Hi, I’m on the Shitty Media Men list, but maybe you already knew that - coloneltcb
https://medium.com/@mike_tunison/hi-im-on-the-shitty-media-men-list-but-maybe-you-already-knew-that-f446aed1f93b
======
charleshe
Hi Mike,

I have one limited question and I want to be careful. This is what it is:

You don't wholly disavow any bad behavior. Can you please truthfully,
fulsomely and in detail, describe the original conduct that underlies the
complaint against you?

For example, here is a range of situations, can you state where you conduct
fell under?:

A. You are powerful, systematic predator, like Harvey Weinstein, or Roger
Ailes, who sits on top of a power system whose social, legal, economic
dynamics you systematically exploit to abuse and entrap your victims.
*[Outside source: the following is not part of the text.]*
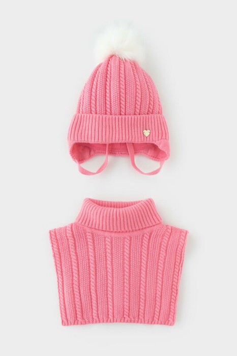 Комплект для девочки: шапка и манишка из полушерстяной пряжи. Шапка на завязках с синтепоновым утеплителем. Подклад из натурального хлопка. Полностью закрывает голову, уши и шею, защищая ребёнка от холодного воздуха и ветра. На макушке помпон. Манишка с высоким воротником с эластичным отворотом.

B. Without significant official power, you abuse a coworker, by
opportunistically exploiting her/his weaknesses or your institutional
knowledge (note that this can also be extremely damaging to an individual even
without official power).

C. Inside of some sort of relationship, you committed bad behavior, by say,
reacting poorly to a conflict, and took undue actions (messaging, following).
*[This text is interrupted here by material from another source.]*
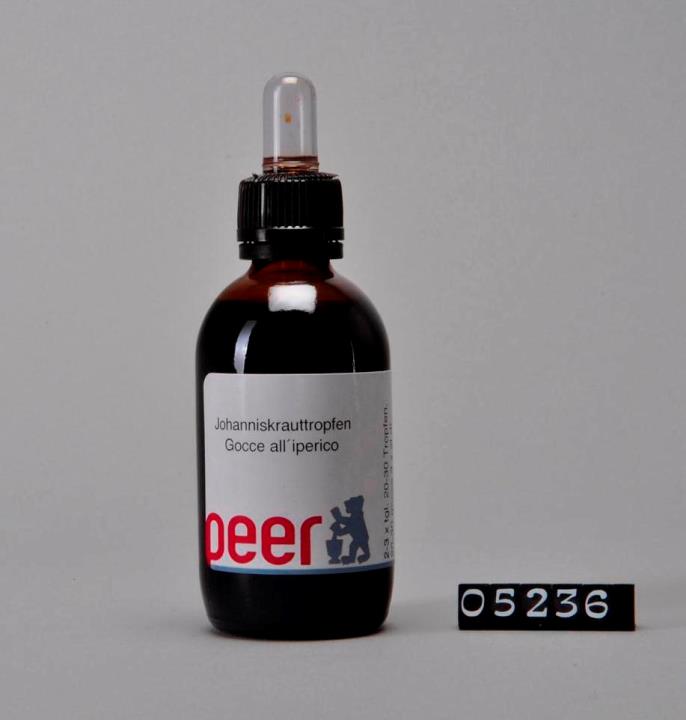 Brauner, runder zylindrischer Flaschenkörper mit abfallender Schulter und Seitennaht. Mündungsrand verstärkt, mit Schraubgewinde. Schwarzer Sicherheits-Drehverschluss aus Polypropylen (PP) mit Tropfenzähler aus farlosem Glas und Kunsstoffkappe aus Polyvinylchlorid (PVC). Bodenrand geriffelt. Bodenprägung: 50 und F 62 (?). Enthält Johanniskrauttinktur.

D. You are wholly innocent of any bad behavior. Your inclusion on this list is
is the result of an deliberate campaign of someone with a malicious agenda.

Note that for many reasons and on many layers, I can't judge your situation. I
can't judge your truthfulness. I can't judge the impact to the victim(s), if
any.

The motivation behind this question:

You asked us to read and consider this lengthy personal story, and to be
sympathetic to you.

In this context, the request seems like a useful piece of information, and its
omission would be problematic. Furthermore, even an admission of some guilt,
seems small next to the consequences that you seem to have already endured,
and a natural step toward the "rehabilitation" you presumably seek (I
acknowledge the possibility you are totally innocent).

Finally, and frankly, if you are innocent, you write and act in ways that
raise flags for a perceptive or skeptical reader. For example, you do make
some rejections, "punished for things I didn’t do". However, these aren't
total disavows of bad behavior. Similarly, you focus on details "No HR claim",
all embedded in a highly sympathetic personal narrative.

I've never been accused of any "metoo" behavior. However, I've seen people
"railroaded" many times. Many people react by either gathering overwhelming
force (authority, connections) to vehemently smash the opposing actor, or else
slip away if am unable to do so (I'm not sure this is optimal but seems
reputationally useful). However, I've never seen an innocent person plead or
begged like this.